The shape of labeled training data is (750, 37)

The shape of unlabeled training data is (1750, 36)

The shape of labeled validation data is (250, 37)

The shape of labeled testing data is (250, 37)



In [3]:
class CustomDataset(Dataset):
    def __init__(self, df):
        self.df = df
        
    def __len__(self):
        return len(self.df)
    
    def __getitem__(self, idx):
        data = torch.FloatTensor(self.df.iloc[idx, :-1])
        label = torch.tensor(self.df.iloc[idx, -1], dtype=torch.long)
        return data, label

In [4]:
train_dataloader = DataLoader(CustomDataset(labeled_training_data), batch_size = 32, shuffle = True)
val_dataloader = DataLoader(CustomDataset(validation_data), batch_size = 32, shuffle = False)
test_dataloader = DataLoader(CustomDataset(testing_data), batch_size = 32, shuffle = False)

In [5]:
# Create Autoencoder
class Autoencoder(nn.Module):
    def __init__(self, input_dim, encoding_dim):
        super().__init__()
        self.encoder = nn.Sequential(
            nn.Linear(input_dim, encoding_dim),
            nn.ReLU()
        )
        
        self.decoder = nn.Sequential(
            nn.Linear(encoding_dim, input_dim),
            nn.Sigmoid()
        )
        
    def forward(self, x):
        x = self.encoder(x)
        x = self.decoder(x)
        
        return x

In [6]:
# Pretraining Autoencoder
# Pretrain autoencoders layer by layer
def pretrain_autoencoders(data, encoding_dims, batch_size=32, lr=0.001, epochs=50, threshold=1e-4):
    dataloader = DataLoader(data, batch_size=batch_size, shuffle=True)
    inputs = data
    pretrained_weights = []
    
    for encoding_dim in encoding_dims:
        input_dim = inputs.shape[1]
        autoencoder = Autoencoder(input_dim, encoding_dim)
        criterion = nn.MSELoss()
        optimizer = optim.Adam(autoencoder.parameters(), lr=lr)
        
        for epoch in range(epochs):
            epoch_loss = 0.0
            for batch in dataloader:
                batch = batch.to(torch.float32)
                optimizer.zero_grad()
                outputs = autoencoder(batch)
                loss = criterion(outputs, batch)
                loss.backward()
                optimizer.step()
                epoch_loss += loss.item()
            
            avg_loss = epoch_loss / len(dataloader)
            
            if epoch % 10 == 0:
                print(f"The average loss is {avg_loss}", end = "\n")
                
            if avg_loss < threshold:
                break
        
        pretrained_weights.append(autoencoder.encoder[0].weight.data.clone())
        inputs = autoencoder.encoder(torch.tensor(data, dtype=torch.float32)).detach().numpy()
    
    return pretrained_weights

In [7]:
# Get the pretrained_weights
pretrained_weights = pretrain_autoencoders(unlabeled_training_data.values, [18])
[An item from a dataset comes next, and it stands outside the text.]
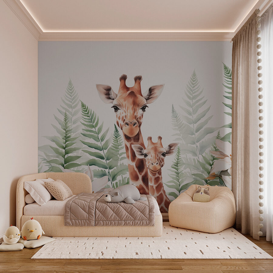 Transformez votre espace en un jardin fantaisiste avec cette ravissante peinture murale représentant de gracieuses girafes se faufilant à travers une verdure luxuriante et des fleurs délicates. C’est comme si vous apportiez une touche de savane dans votre salon ! Imaginez que vous sirotiez votre café du matin pendant que ces gentils géants veillent sur vous – c’est tellement serein. Parfait pour les chambres d’enfants, les salles de jeux ou tout autre endroit qui a besoin d’une touche d’espièglerie et de charme. De plus, qui ne sourirait pas devant ces adorables visages ? Ce n’est pas seulement un décor, c’est aussi une étreinte de la nature, qui invite la chaleur et la joie dans tous les coins.

The average loss is 0.11666821105913683
The average loss is 0.006691737320612777
The average loss is 0.006527620071375912
The average loss is 0.006220273233272813
The average loss is 0.005672135872935707


In [8]:
class DFNN(nn.Module):
    def __init__(self, input_dim, hidden_dims, output_dim, pretrained_weights=None):
        super(DFNN, self).__init__()
        layers = []
        previous_dim = input_dim
        
        for i, hidden_dim in enumerate(hidden_dims):
            layer = nn.Linear(previous_dim, hidden_dim)
            if pretrained_weights and i < len(pretrained_weights):
                layer.weight.data = pretrained_weights[i]
            layers.append(layer)
            layers.append(nn.ReLU())
            previous_dim = hidden_dim
        
        layers.append(nn.Linear(previous_dim, output_dim))
        layers.append(nn.Softmax(dim=1))
        self.network = nn.Sequential(*layers)
    
    def forward(self, x):
        return self.network(x)

# Train DFNN
def train_dfnn(model, train_loader, val_loader, lr=0.001, epochs=50):
    criterion = nn.CrossEntropyLoss()
    optimizer = optim.Adam(model.parameters(), lr=lr)
    
    for epoch in range(epochs):
        model.train()
        for batch_x, batch_y in train_loader:
            optimizer.zero_grad()
            outputs = model(batch_x)
            loss = criterion(outputs, batch_y)
            loss.backward()
            optimizer.step()

        # Evaluate on test data
        model.eval()
        correct, total = 0, 0
        with torch.no_grad():
            for batch_x, batch_y in val_loader:
                outputs = model(batch_x)
                _, predicted = torch.max(outputs, 1)
                total += batch_y.size(0)
                correct += (predicted == batch_y).sum().item()
        
        if epoch % 10 == 0: print(f"Epoch {epoch+1}/{epochs}, Val Accuracy: {100 * correct / total:.2f}%")

In [9]:
# Generate confusion matrix
def evaluate_model(model, data_loader):
    y_true, y_pred = [], []
    model.eval()
    with torch.no_grad():
        for batch_x, batch_y in data_loader:
            outputs = model(batch_x)
            _, predicted = torch.max(outputs, 1)
            y_true.extend(batch_y.numpy())
            y_pred.extend(predicted.numpy())
    
    cm = confusion_matrix(y_true, y_pred)
    print(classification_report(y_true, y_pred))
    return cm

In [11]:
# Train DFNN with pretraining
print("Train DFNN with pretraining...")
dfnn_pretrained = DFNN(input_dim=36, hidden_dims=[18], output_dim=5, pretrained_weights=pretrained_weights)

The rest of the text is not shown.